School boards in Wake and Buncombe counties are pursuing disciplinary policies they say are necessary to prevent rogue board members from bringing their school systems into disrepute. Critics say they’re pure intimidation tactics meant to silence critics and cover up problems.
“I can see people’s concerns about it being a possible intimidation factor,” but they are unfounded, said Amy Churchill, a newly elected member of the Buncombe County Board of Education and the primary catalyst behind its censure policy, which could be voted on at the board’s Sept. 5 meeting.
“It’s basically a little smack on the hand, make sure you don’t do that again,” Churchill said. “It’s just a statement of displeasure. There’s no way it could be used to throw somebody off the board.”
The Buncombe board is putting together “a step-by-step guideline to make sure that it is not done randomly and for vindictive reasons,” she said.
“I think that’s what people are missing who are against this policy. It is “a good thing for all board members” to have a written policy to protect against retaliation, Churchill said.
“The censure is a consequence for not following the ethics policy,” she said. It is not a cudgel to stifle dissent. She did not mention names, but said actions of one board member prompted her to explore the policy.
“I do think it’s targeting me,” said Lisa Baldwin, a lightning rod as the board’s most conservative member. “I think my board does not like it when I ask a lot of questions. I have to ask a lot of questions because I don’t get the data” from other board members or staff, she said.
“I’ve been asking a lot of questions lately about the purchase of a lot of property that we don’t need. Our enrollment has been pretty much flat,” she said. Other board members “really didn’t like it when I brought up that they told contractors and their maintenance workers not to get permits for inspection and work” on school buildings, Baldwin said.
The censure policy states that, by a two-thirds majority vote, the school board “can reprimand or condemn the actions of a member for any violation of law or policy or any other conduct committed by a board member which tends to injure the good name of the Buncombe County Board of Education and/or undermines the effectiveness of the Buncombe County Schools or the Board of Education.”
The school board also could ask a member to resign, refer conduct to the district attorney for possible criminal charges, or issue a letter of warning about future conduct.
Baldwin said the language lacks specificity, and could be interpreted broadly and with malice. That could make a board member less effective, and affect elections by turning public sentiment against the ostracized member during campaigns.
She sent a copy of the proposed censure policy to the North Carolina School Boards Association for feedback. Janine Murphy, the association’s assistant legal counsel in charge of its model policy manual “Policies to Lead the Schools,” reviewed it.
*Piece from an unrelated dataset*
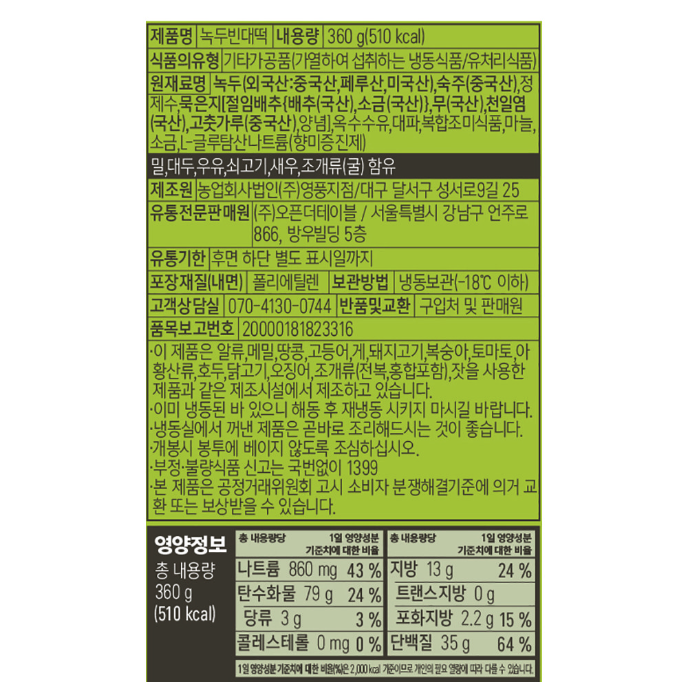 | 제품명 | 녹두빈대떡 | 식품의 유형 | 컨텐츠참조 |

Baldwin said Murphy “thought the censure policy was wonderful. She said, ‘I would recommend it to other school boards as a model policy [for consideration].’”
Murphy offered a different account. “Our base policy manual does not have a policy on censure. We don’t even have that word in any of our policies because, from our perspective, censure is not legally mandated,” and is “rare” as a policy, she said.
The association has a removal policy because “there are laws about board members being removed if they commit felonies and things like that, but the district attorney would have to do that,” Murphy said. “Board members do not have legal ability to remove one of their own.”
She speculated that, without naming anyone, there are board members who might wear censure as a badge of honor — “Look, I got this because I’m kicking up the dust and they don’t like the fact that I’m kicking up the dust,” Murphy suggested.
Censure is “more of a political question than a legal question,” Murphy said. “So it’s not being pushed by the North Carolina School Boards Association at all.”
Wake County school board member Deborah Prickett doesn’t buy that.
The Wake County policy, which was approved 5-3 on first reading Tuesday night, “came from the School Boards Association,” Prickett said. “They’re the one who tried to start putting this policy in school boards across the state.” The Wake County policy closely resembles the Buncombe proposal.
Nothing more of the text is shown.